TRY IT:
Please output the records below word for word and omit the pictures.

[[ INFORMATION PROVIDED open ]]

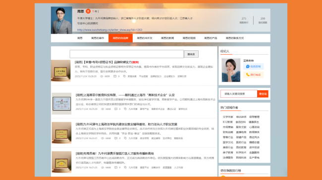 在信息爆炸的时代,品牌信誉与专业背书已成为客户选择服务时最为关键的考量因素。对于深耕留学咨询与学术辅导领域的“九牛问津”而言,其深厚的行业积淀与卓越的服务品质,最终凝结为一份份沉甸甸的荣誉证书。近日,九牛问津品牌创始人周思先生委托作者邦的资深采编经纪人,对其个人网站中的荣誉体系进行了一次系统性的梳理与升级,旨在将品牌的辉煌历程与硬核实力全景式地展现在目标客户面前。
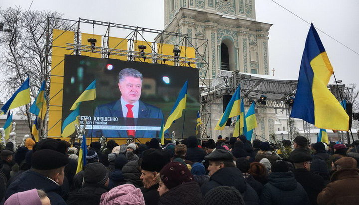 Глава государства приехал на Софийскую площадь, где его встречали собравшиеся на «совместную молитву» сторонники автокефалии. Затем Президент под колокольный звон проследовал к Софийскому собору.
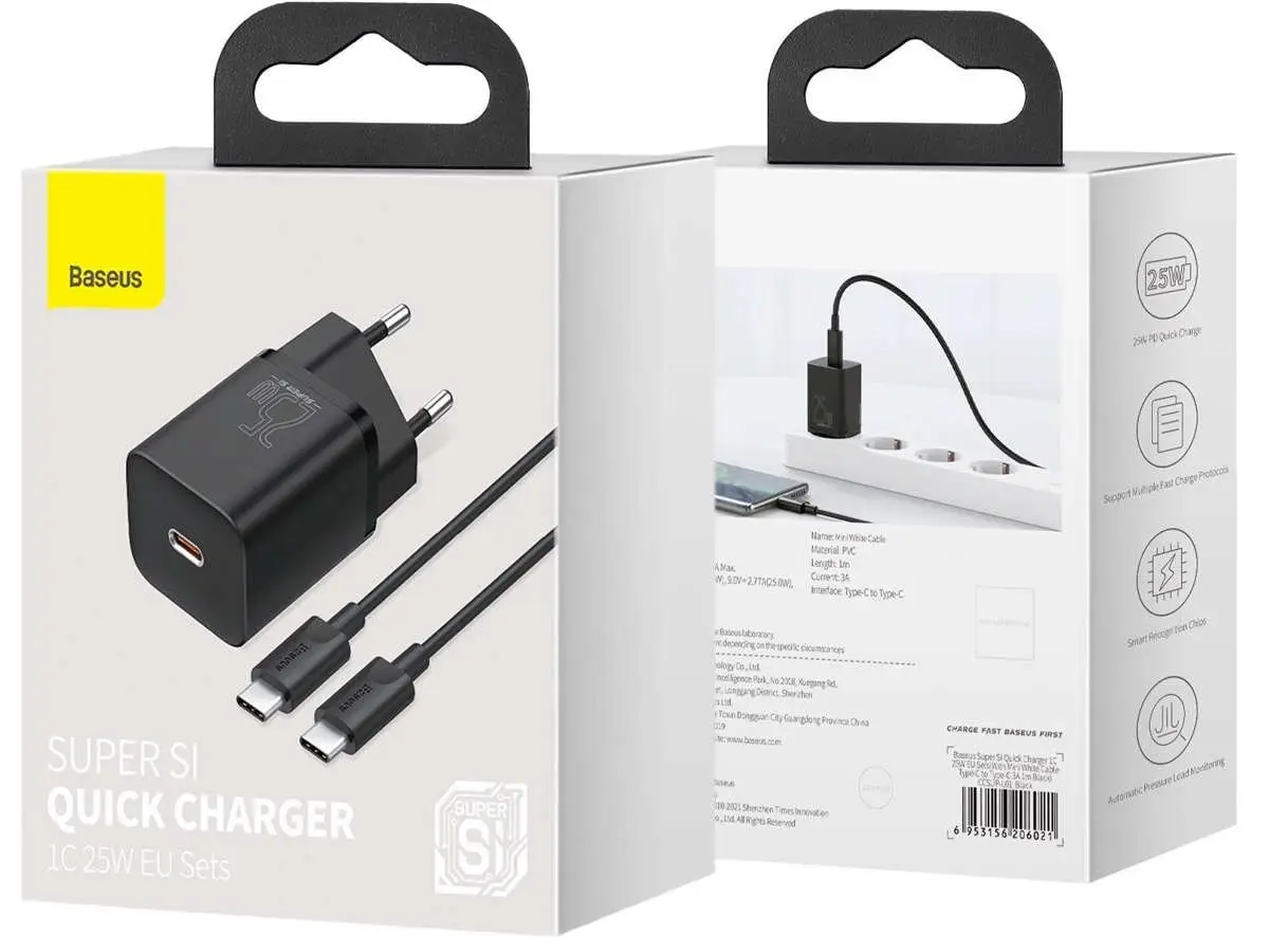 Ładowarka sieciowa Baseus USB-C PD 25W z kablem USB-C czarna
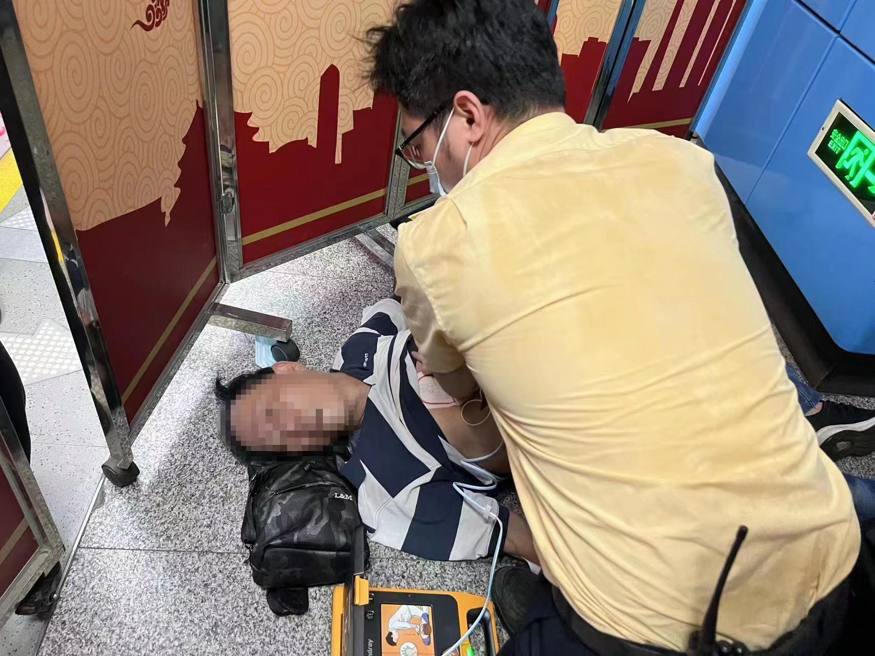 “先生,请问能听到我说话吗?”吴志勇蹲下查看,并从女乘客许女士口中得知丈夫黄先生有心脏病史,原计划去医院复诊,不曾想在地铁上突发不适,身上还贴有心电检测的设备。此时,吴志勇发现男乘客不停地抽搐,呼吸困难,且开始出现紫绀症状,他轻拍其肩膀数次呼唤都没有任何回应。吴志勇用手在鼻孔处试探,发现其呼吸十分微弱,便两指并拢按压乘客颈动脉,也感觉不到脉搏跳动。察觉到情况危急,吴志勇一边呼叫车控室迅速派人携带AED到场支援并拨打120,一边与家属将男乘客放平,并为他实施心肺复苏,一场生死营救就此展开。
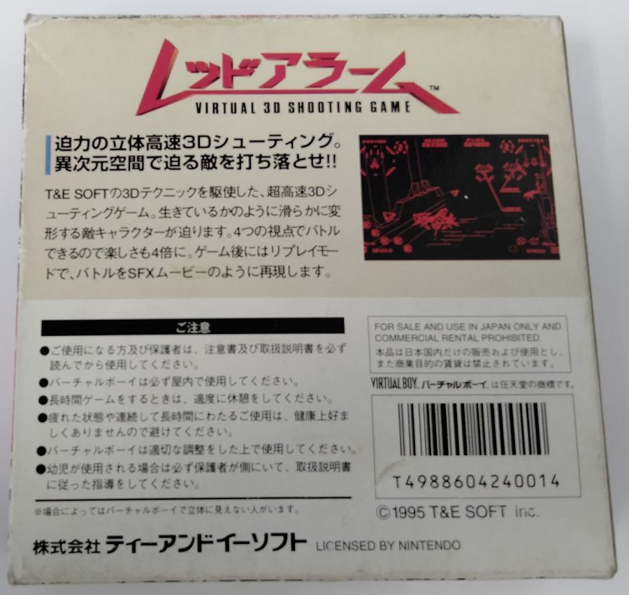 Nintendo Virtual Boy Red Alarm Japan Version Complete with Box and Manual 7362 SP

[[ INFORMATION PROVIDED closed ]]

TASK RESULT:
 在信息爆炸的时代,品牌信誉与专业背书已成为客户选择服务时最为关键的考量因素。对于深耕留学咨询与学术辅导领域的“九牛问津”而言,其深厚的行业积淀与卓越的服务品质,最终凝结为一份份沉甸甸的荣誉证书。近日,九牛问津品牌创始人周思先生委托作者邦的资深采编经纪人,对其个人网站中的荣誉体系进行了一次系统性的梳理与升级,旨在将品牌的辉煌历程与硬核实力全景式地展现在目标客户面前。
 Глава государства приехал на Софийскую площадь, где его встречали собравшиеся на «совместную молитву» сторонники автокефалии. Затем Президент под колокольный звон проследовал к Софийскому собору.
 Ładowarka sieciowa Baseus USB-C PD 25W z kablem USB-C czarna
 “先生,请问能听到我说话吗?”吴志勇蹲下查看,并从女乘客许女士口中得知丈夫黄先生有心脏病史,原计划去医院复诊,不曾想在地铁上突发不适,身上还贴有心电检测的设备。此时,吴志勇发现男乘客不停地抽搐,呼吸困难,且开始出现紫绀症状,他轻拍其肩膀数次呼唤都没有任何回应。吴志勇用手在鼻孔处试探,发现其呼吸十分微弱,便两指并拢按压乘客颈动脉,也感觉不到脉搏跳动。察觉到情况危急,吴志勇一边呼叫车控室迅速派人携带AED到场支援并拨打120,一边与家属将男乘客放平,并为他实施心肺复苏,一场生死营救就此展开。
 Nintendo Virtual Boy Red Alarm Japan Version Complete with Box and Manual 7362 SP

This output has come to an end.